Я не могу встретиться с Всевышним, пока эта тайна камнем лежит на моей душе, а поведать ее Вам лично у меня не хватило духа.

Надеюсь, Вы не сомневаетесь в том, что я, а тем более Ваша мать неизменно желали Вам только самого лучшего.

Она, бедняжка, прожила трудную жизнь: отец Ваш скончался, когда Вы были совсем маленькой, и ей пришлось растить Вас одной. Ваша беременность на первом курсе колледжа явилась для нее тяжким ударом: она боялась, как бы ребенок не помешал Вам получить образование, а следовательно, прожить более легкую жизнь, чем у нее. Вы были очень послушной дочерью, и Ваша мать поначалу решила, что без особого труда уговорит Вас отдать новорожденного в чужую семью, но я знал, что эта затея — безнадежная. Когда Вы услышали от меня, что у Вас будет ребенок, лицо Ваше осветилось такой неподдельной радостью, что я понял: на сей раз Вы впервые в жизни ослушаетесь мать.

Вас, наверное, раздражает, что я никак не изложу суть дела, но ведь мне это очень не просто: умом я понимаю, что поступил правильно, но в сердце моем такой уверенности нет.

Итак, едва вы разрешились от бремени, как мне пришлось немедленно делать кесарево сечение другой роженице. Вы не знали Лизу Креймер? Возможно, и нет. Она была на несколько лет старше Вас, и семья ее жила в пригороде Талсы. Это была в высшей степени симпатичная девушка. Лиза вышла замуж за своего однокурсника Сэма Вудворда и переехала с ним в другой город, где он получил место футбольного тренера в старших классах школы. Но рожать она приехала к матери. Родила она девочку с больным сердцем, прожившую всего несколько часов. Но Лиза об этом не узнала: она еще не вышла из наркоза после операции.

Вы же произвели на свет здоровую, живую девочку. Ваша мать, естественно, находилась в это время в холле больницы, и, пока Вы отдыхали, а Лиза лежала в реанимации, мы с ней отправились в кафетерий — выпить по чашечке кофе. Я был очень расстроен тем, что Лизин ребенок погибает, а я ничем не могу ему помочь. И сильно беспокоился о том, как воспримет мое сообщение Лиза. Она мечтала иметь ребенка и была бы прекрасной матерью, да и Сэм производил самое приятное впечатление.

И тут Ваша мать сказала, что вот, мол, как жаль: Лизин ребенок, которого ждало такое счастливое детство, умер, а Ваш, тоже, конечно, очень желанный, тем не менее испортит Вам жизнь, да и ему придется нелегко с матерью-одиночкой. Так она рассуждала, сидя в больничном кафетерии и глядя на меня пытливым взором, и я прекрасно понимал, что она имеет в виду.

Я хочу, Марсия, чтобы Вы знали: это решение не было легким ни для меня, ни для нее. Нами руководило одно желание — сделать как можно лучше для Вас и для Вашего ребенка. Я подделал все документы, и только Ваша мать, моя медсестра и я знаем истину. Лизе и Сэму мы не сказали, что их ребенок умер.

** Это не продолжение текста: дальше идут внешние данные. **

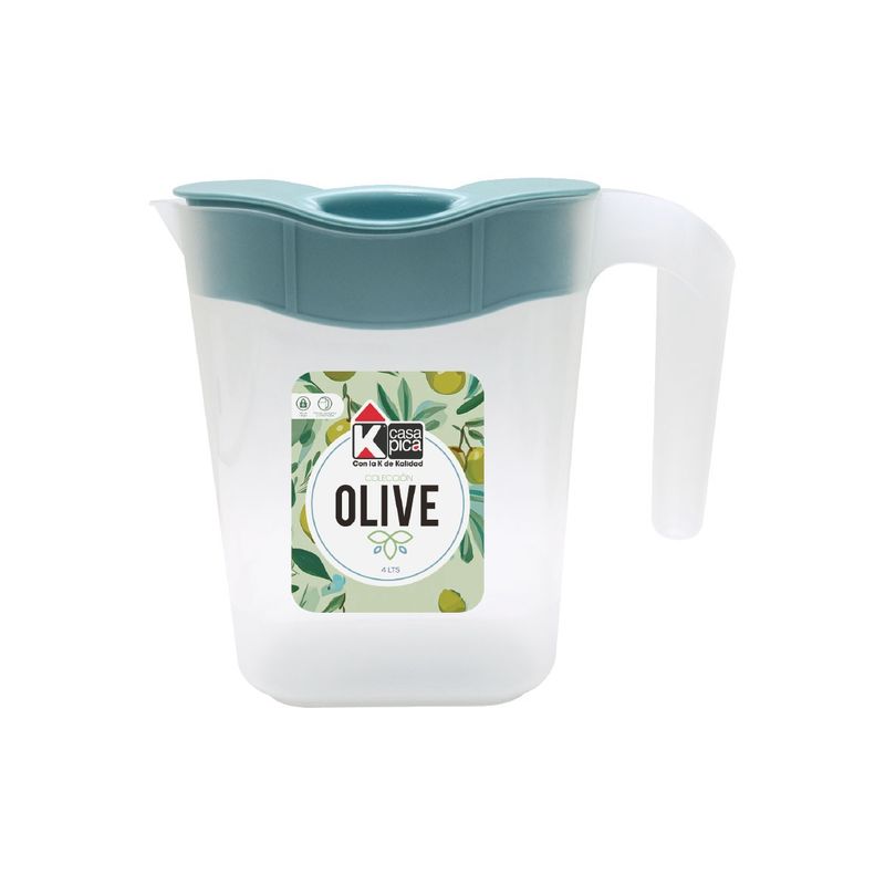 Jarra Olive Rect multiusos de 1,9 lts celeste. Con empuñadura de agarre simple y tapa semi hermética desmontable. Medidas del producto (Alt+Anch+Prof): 19,8 x x 21,8 cm CASA PICA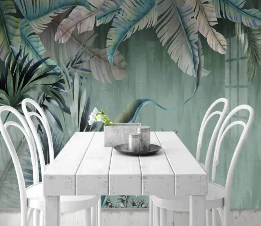 Transform your walls into a tropical retreat with the “Lush Leaves in Calming Tones” mural. Imagine stepping into a serene forest every time you enter the room—without the bugs! The blend of soothing greens and subtle blues creates a calming backdrop that feels like a gentle hug. Got a cozy reading nook? Perfect. Just picture curling up with a book, surrounded by these vibrant leaves, feeling miles away from stress. It’s like nature decided to pop into your living space, bringing fresh air and vibes. Ideal for anyone ready to escape into their little paradise!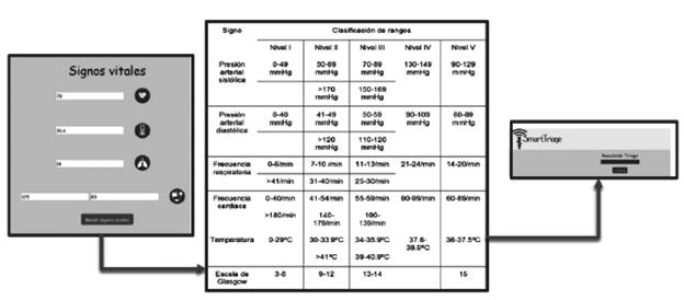 Todo lo anterior motivó la investigación y puesta en marcha de este proyecto el cual está enfocado en la optimización del triaje. El sistema está compuesto por la implementación de un módulo de instrumentación que permite medir los signos vitales (temperatura, tensión arterial, frecuencia cardiaca y frecuencia respiratoria) por medio de elementos electrónicos, que en conjunto se encargan de adquirir bioseñales que son procesadas, para luego enviarlas al software de interfaz gráfica que toma dichas mediciones y realiza de manera automática el proceso de gradación de triaje basado en sus cinco 5 categorías. Una vez que los pacientes ingresen al SUH, este será atendido según el resultado arrojado y su necesidad de intervención si el médico así lo dispone.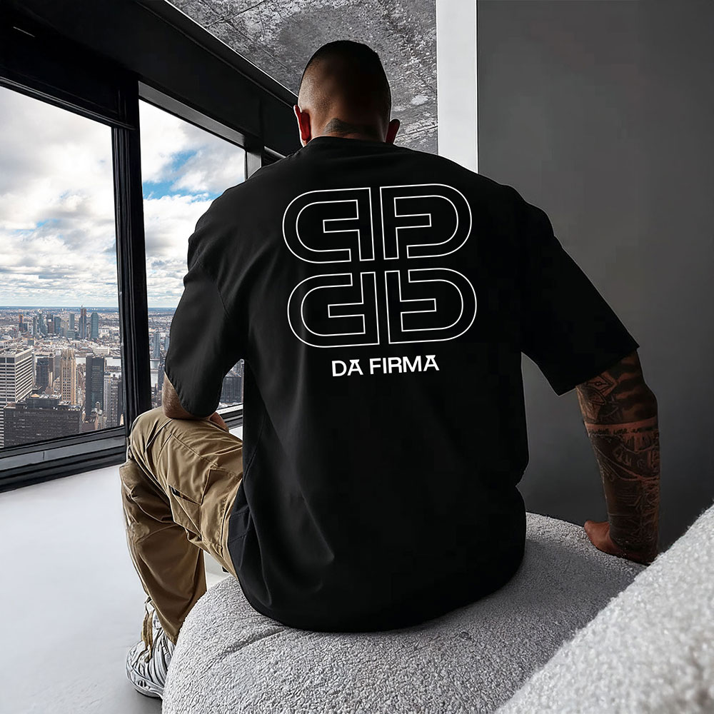 Croiala oversize, cu umeri lasati, creeaza o tinuta relaxata, iar imprimeul generos Da Firma amplasat pe spate adauga o nota puternica de caracter si identitate vizuala. Logo-ul monograma pozitionat discret la baza fata completeaza designul, pastrand echilibrul intre simplitate si atitudine.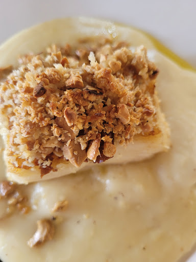 Pedimos salada Maré de folhas com Parma e pupunha e o prato principal filé de pescada com molho de camarão ( que vieram 6 camarões no molho) com farofa de banana e pirão. Como temos restrição alimentar, pedimos para não vir o arroz e acredito que tenham aumentado a quantidade de filés, pois veio uma porção bem generosa. Comida...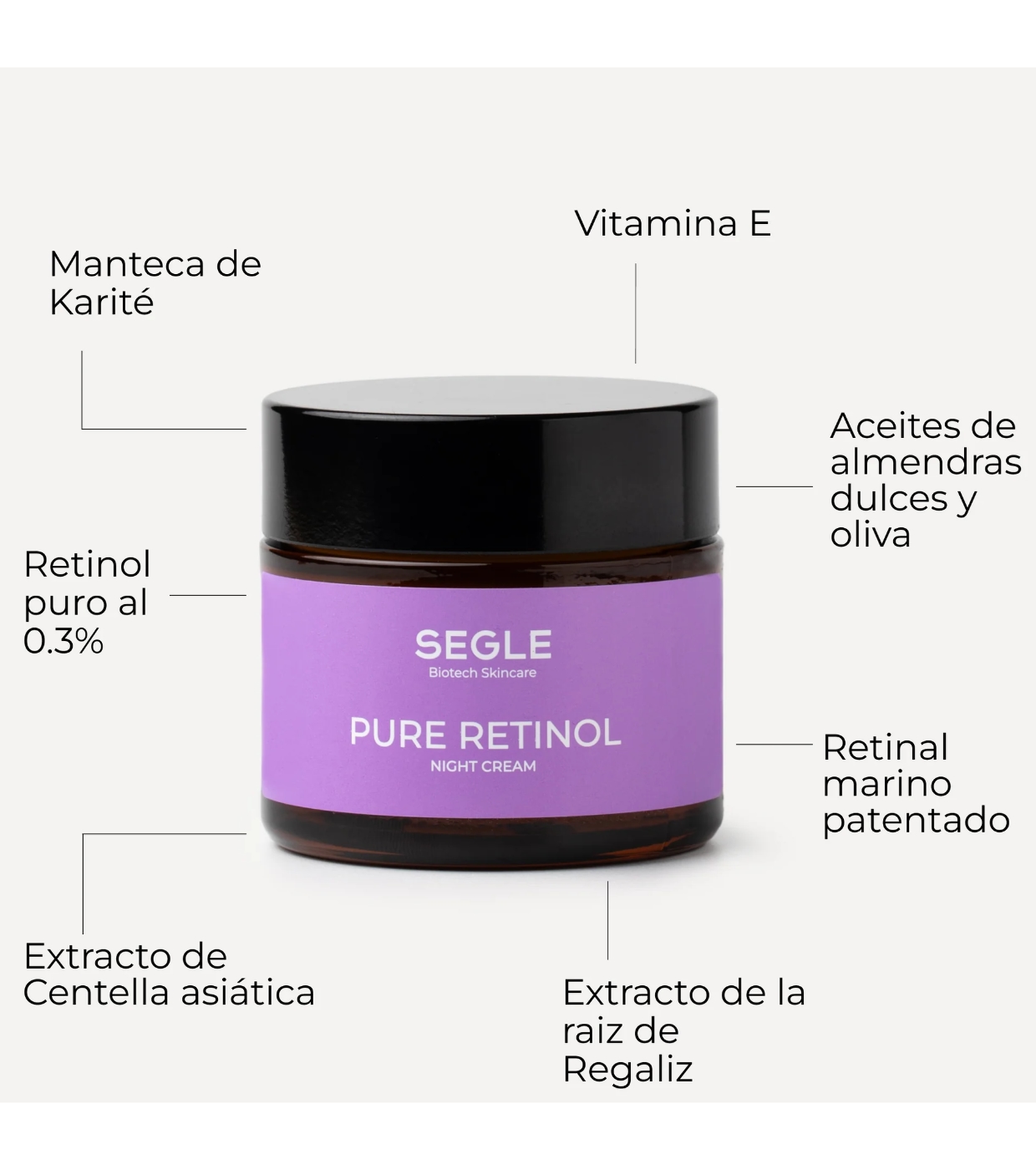 La crema facial noche antiedad Pure Retinol de SEGLE es un tratamiento nocturno avanzado diseñado para pieles maduras y/o secas.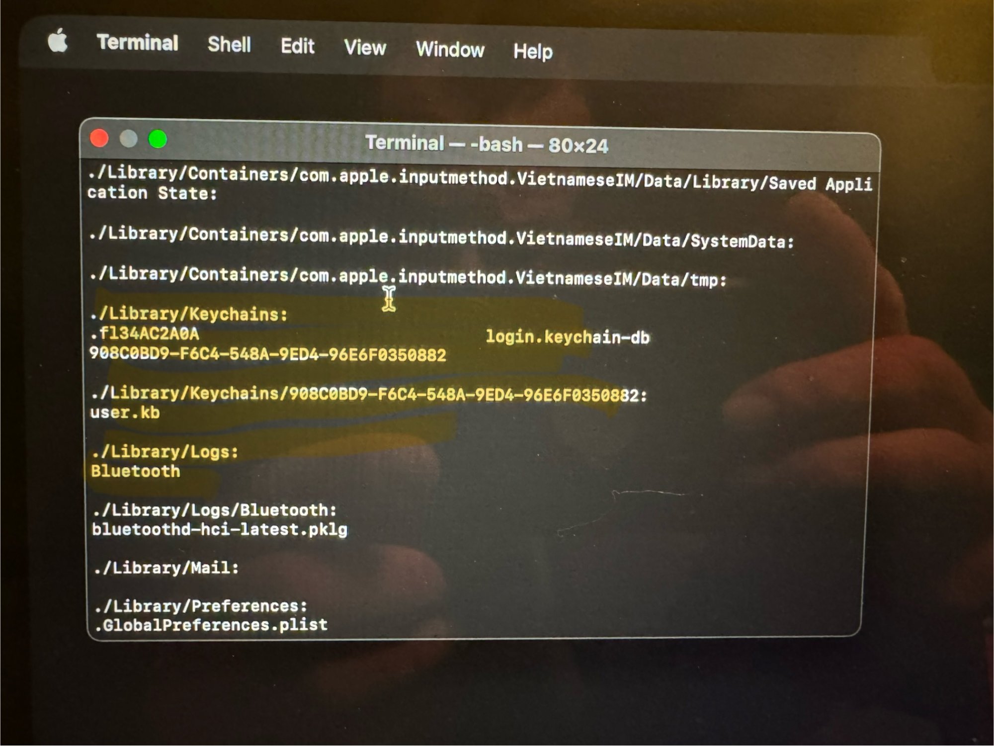 Please no “reset to factory” canned responses this in regards to a persistent malware that remains after factory reset, reformat, etc. These photos are with no OS installed, they are taken after disk utility has erased the disc from terminal in the recovery environment. Running the command “ls -R these are the files that remain in particular the issue I’m having is the keychain please do not assume that’s a new keychain there’s no OS installed that is not a new keychain you’re seeing a keychain that I’ve had since my original Apple ID an actual ME account and I’m desperately wanting a fresh clean keychain. I cannot shake this monkey loose and it contains Kerberos single signon tokens and rsa keys. These are private devices that have never been managed by choice or used with any enterprise or business. I understand these are legitimate apple processes yet being used nefariously, and I’m looking for some guidance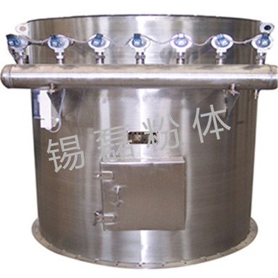 本设备通常有上筒体(净气室)、中筒体(混合室)和下锥体三大部件组成。含尘空气由进风口进入筒体,因气流体积突然扩张流速骤然降低,较大颗粒在自身重量的作用下从含尘气流中沉降到下锥体,较小颗粒由于滤袋的筛滤、碰撞、扩散、静电等诸多效应的作用下,被滞阻在滤袋外壁,净化后的气体,通过滤袋文氏管从上筒体出料口排出。当滞阻在滤袋外壁的尘粒不断增加时,使除尘器的阻力不断增大,为降低阻力,由脉冲控制仪发出信号循序打开电磁脉冲阀,使气包内的压缩空气由喷吹管上的各喷吹孔喷射到对应的文氏管(一次风),并在高速气流通过文氏管时,诱导数倍于一次风的周围空气(二次风)进入滤袋,造成滤袋瞬间急剧膨胀,由于反向脉冲气流的冲击作用很快地消失,滤袋又急剧收缩,这样膨胀、收缩使积附在滤袋外壁上的多余的尘粒被清洗,落下的颗粒从下锥体排出。由于清灰是依次分别向几组滤袋进行,并不切断需要处理的含尘空气,故在除尘过程中,除尘器的处理能力保持不变,其脉冲间隔、宽度、周期按颗粒的性质、含尘浓度及过滤风速的具体情况进行调整,使设备始终处于正常的工作状态。

Да простит мне Бог мое прегрешение, а просить об этом Вас бесполезно: все равно не простите. Мы поменяли младенцев.

Вы похоронили чужого ребенка. А Ваша девочка жива».

Марсия уронила письмо на полированную поверхность стола. Ее одолевала жажда, отчаянно хотелось выпить чего-нибудь холодного — чаю со льдом, вина, лимонада, воды… но она не могла заставить себя пошевелиться. Невероятно! Неужели ее дочка жива?

В первый год она чуть ли не каждую ночь видела ее во сне, но со временем ей удалось преодолеть душевную муку.

И вот теперь, по прошествии почти тринадцати лет, приходит это письмо, воскресившее пережитые страдания и надежды. Девочка жива! Как хочется скорее встретиться с ней и прижать ее к своей груди!

Нет, нет, это невозможно!

Доктор Франклин старый человек, быть может, он просто выжил из ума. Надо порвать на клочки это безумное послание и продолжать ту жизнь, которую она с таким трудом выстроила для себя. Но налаженная жизнь уже покачнулась.

Даже этот слабый проблеск надежды возродил прежнюю боль и прежнюю любовь.

Если есть хоть ничтожный шанс на то, что ее ребенок жив, она не успокоится, пока все не выяснит.

ГЛАВА ПЕРВАЯ

Марсия медленно ехала по улицам маленького пригорода Мак-Алестера, что в штате Оклахома, разыскивая ориентиры, указанные в сообщении детектива, которому поручила разыскать ее дочь. В руке она судорожно сжимала конверт со всеми данными о ней: письмо доктора Франклина, отчет детектива, фотографии Кайлы и Сэма Вудворда.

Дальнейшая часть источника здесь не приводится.